*** Opening SUPPLIED MATERIAL ***

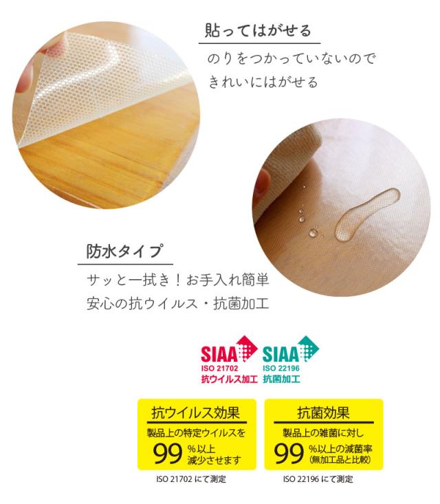 ●本製品は病気の治療や予防を目的とするものではありません。●抗ウイルス・抗菌効果は全てのウイルス・菌に対して発現するものではありません。●抗ウイルス・抗菌効果は、実際の使用状況により異なる場合があります。●製品本来の目的以外の用途でご使用にならないでください。化粧合板、電化製品、システムキッチンや壁などの側面、天井には貼ることができません。●テーブル、机などの表面に凹凸がある場合、粘着力が弱くなる可能性がありますのでご使用はお控えください。●本製品をはがす場合、ゆっくりとはがしてください。●高級家具、塩ビ系塗装、ニス系塗装、ラッカー塗装、海外品や天然塗りものなどにはご使用できません。(表面の状態が変わる恐れがあります)●表面を拭く時に、使用できないものがありますので、下記を必ずご確認ください。(製品の表面状態が変わる恐れがあります)
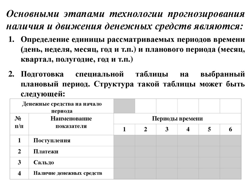 1. Технология прогнозирования наличия идвижения денежных средств
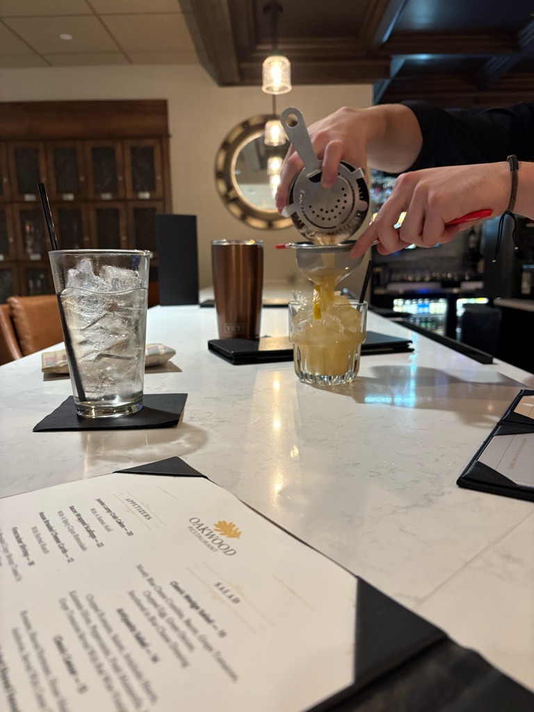 Bartender (kid..lol) crafting us a delicious cocktail with strained egg white- ooo laaa laaa - fancy.
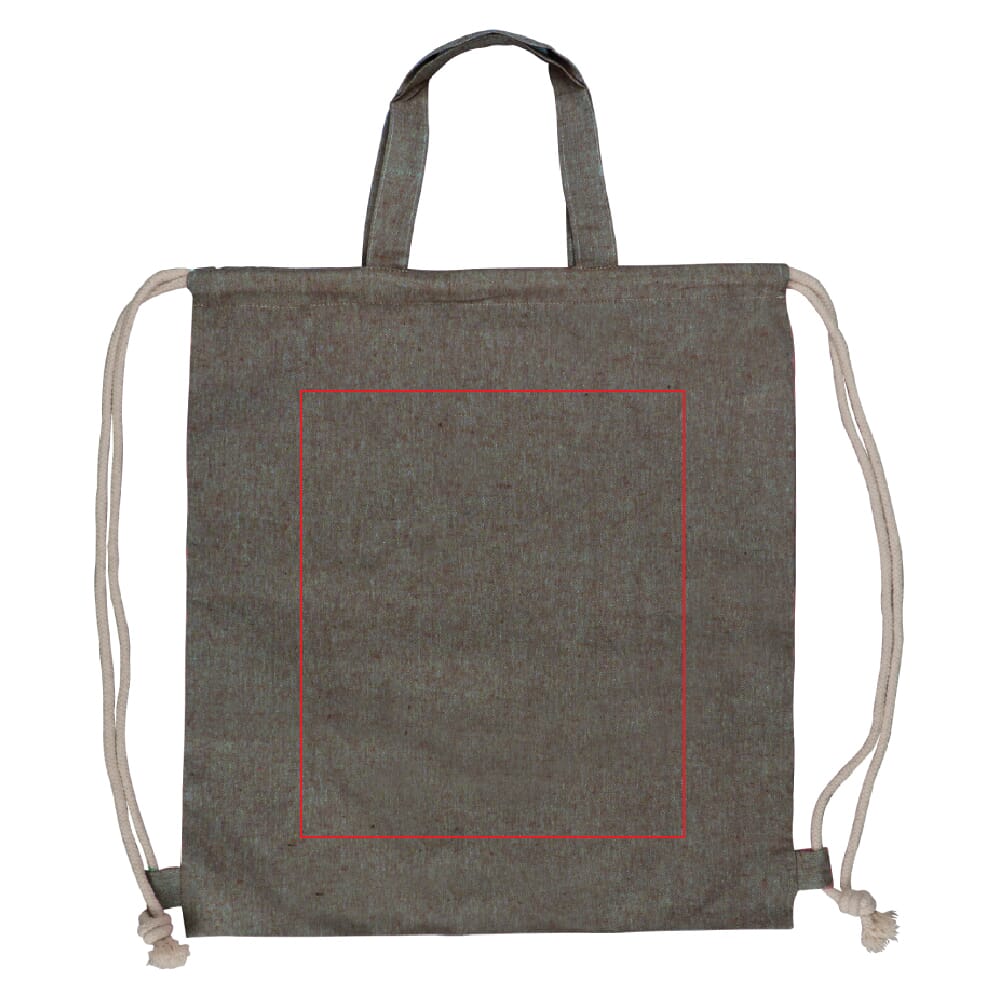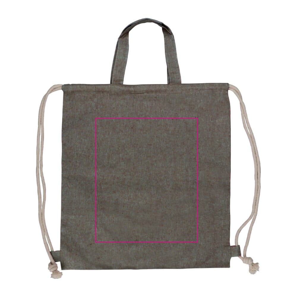 Handig rugzakje met treksluiting en handvat gemaakt van gerecycled katoen. De gevarieerde herkomst van het materiaal geeft de stof een unieke uitstraling. Lichte kleurvariaties zijn onvermijdelijk en tonen de authenticiteit van dit materiaal aan.
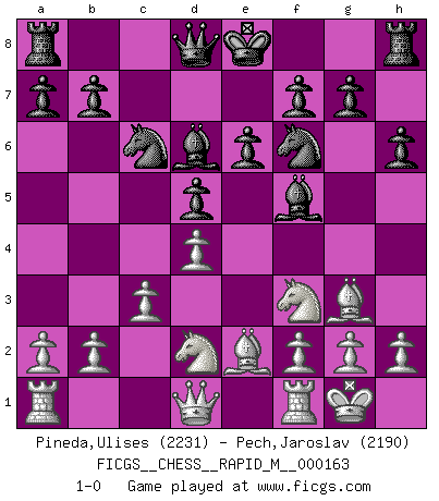Last move : 1-0 2025 March 20 17:35:44 [Event "FICGS__CHESS__RAPID_M__000163"] [Site "FICGS"] [Date "2025.01.16"] [Round "1"] [White "Pineda,Ulises"] [Black "Pech,Jaroslav"] [Result "1-0"] [WhiteElo "2231"] [BlackElo "2190"] 1.d4 d5 2.Bf4 c5 3.e3 Nf6 4.Nf3 Nc6 5.Be2 cxd4 6.exd4 Bf5 7.c3 e6 8.Nbd2 Bd6 9.Bg3 h6 10.O-O 1-0 Follow this game move after move (download)You must take your opponent into a deep dark forest where 2+2=5, and the path leading out is only wide enough for one. (Mikhail Tal) Wer wird heute Abend ihr Gegner sein? -- Heute Abend spiele ich gegen die schwarzen Steine. (Akiba Rubinstein) En el Ajedrez, tal como en la vida, las bendiciones de hoy pueden ser el veneno del mañana. (Assaic) La vie et les Echecs sont tous les deux une lutte constante. (Lasker) Looking at the proliferation of personal web pages on the Net, it looks like very soon everyone on Earth will have 15 megabytes of fame. (M.G. Sriram)
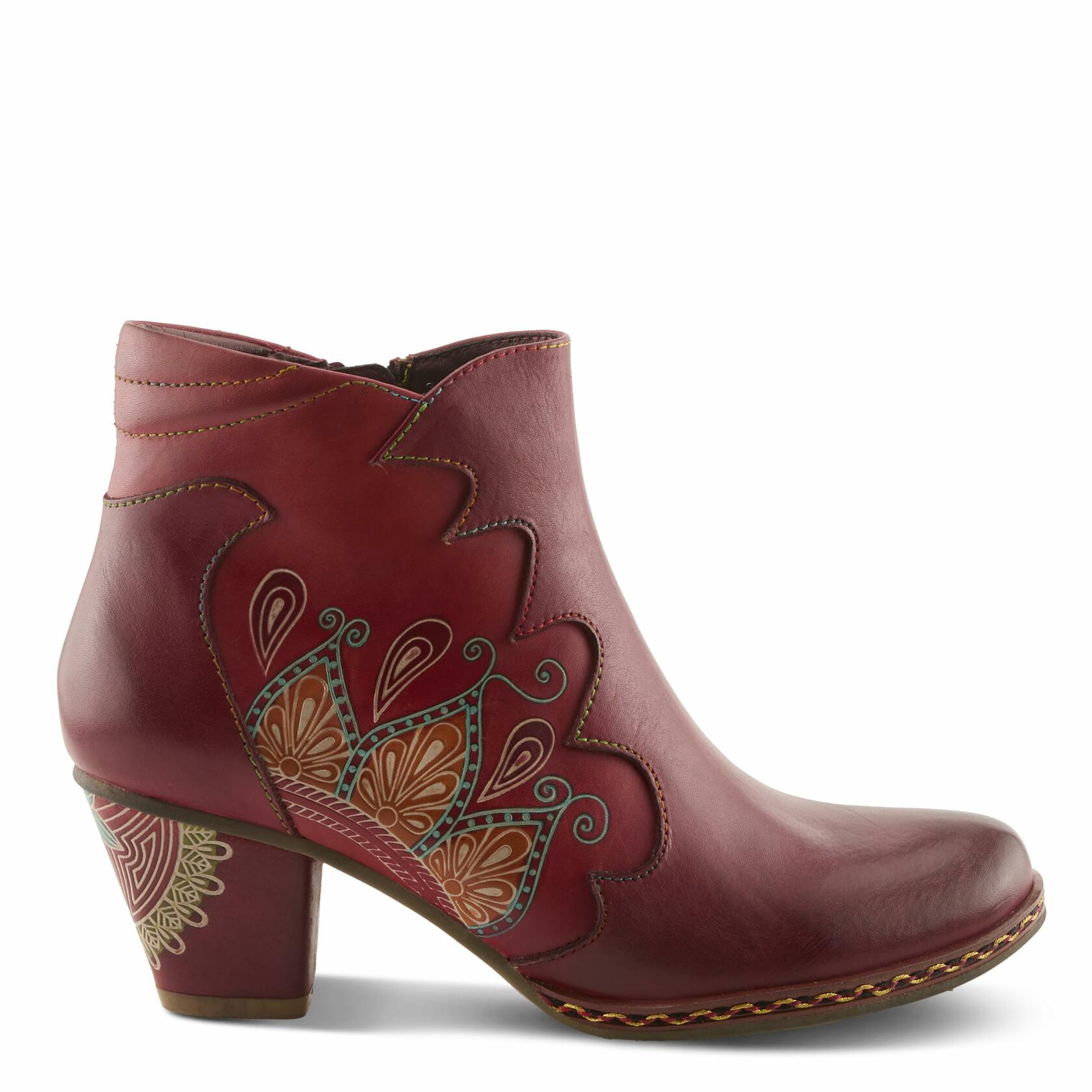 L'ARTISTE Style: ZAMIHI Elevate your shoe game with these beautiful hand-painted leather booties featuring an embossed, burnished, and polished design. With an inside full-length zip and brushed metal pull tab, putting on and taking off these booties is a breeze. The padded topline adds an extra layer of comfort, while the hand-painted leather covered heel gives these booties a unique and elegant touch. Upper: Leather, Synthetic Lining: Synthetic, Textile Insole: Synthetic, Textile Outsole: Rubber Closure: Zipper Heel Height: 2 1/4" Shaft Height: 5 1/2" Circumference: 9 1/4" Features: - Comfort, Flexible Sole - Hand-painted, Padded Insole, Premium, Textured Fit Recommendation: True to Size Disclaimer: LArtiste products are made with natural tanned leather using traditional hand painting techniques. This unique finishing process is used to create a natural effect with color variations to deliver authentic look and beauty.
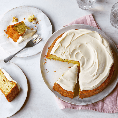- Spread this over the top of the cake and serve.

*** Closing SUPPLIED MATERIAL ***

> WHAT IS EXPECTED
Working from the entries above, reproduce exactly and only the lines beginning with the line that has "1. Технология прогнозирования" and ending with the line that has "Handig rugzakje met"; omit all pictures.

> ANSWER FOR THIS EXERCISE
 1. Технология прогнозирования наличия идвижения денежных средств
 Bartender (kid..lol) crafting us a delicious cocktail with strained egg white- ooo laaa laaa - fancy.
 Handig rugzakje met treksluiting en handvat gemaakt van gerecycled katoen. De gevarieerde herkomst van het materiaal geeft de stof een unieke uitstraling. Lichte kleurvariaties zijn onvermijdelijk en tonen de authenticiteit van dit materiaal aan.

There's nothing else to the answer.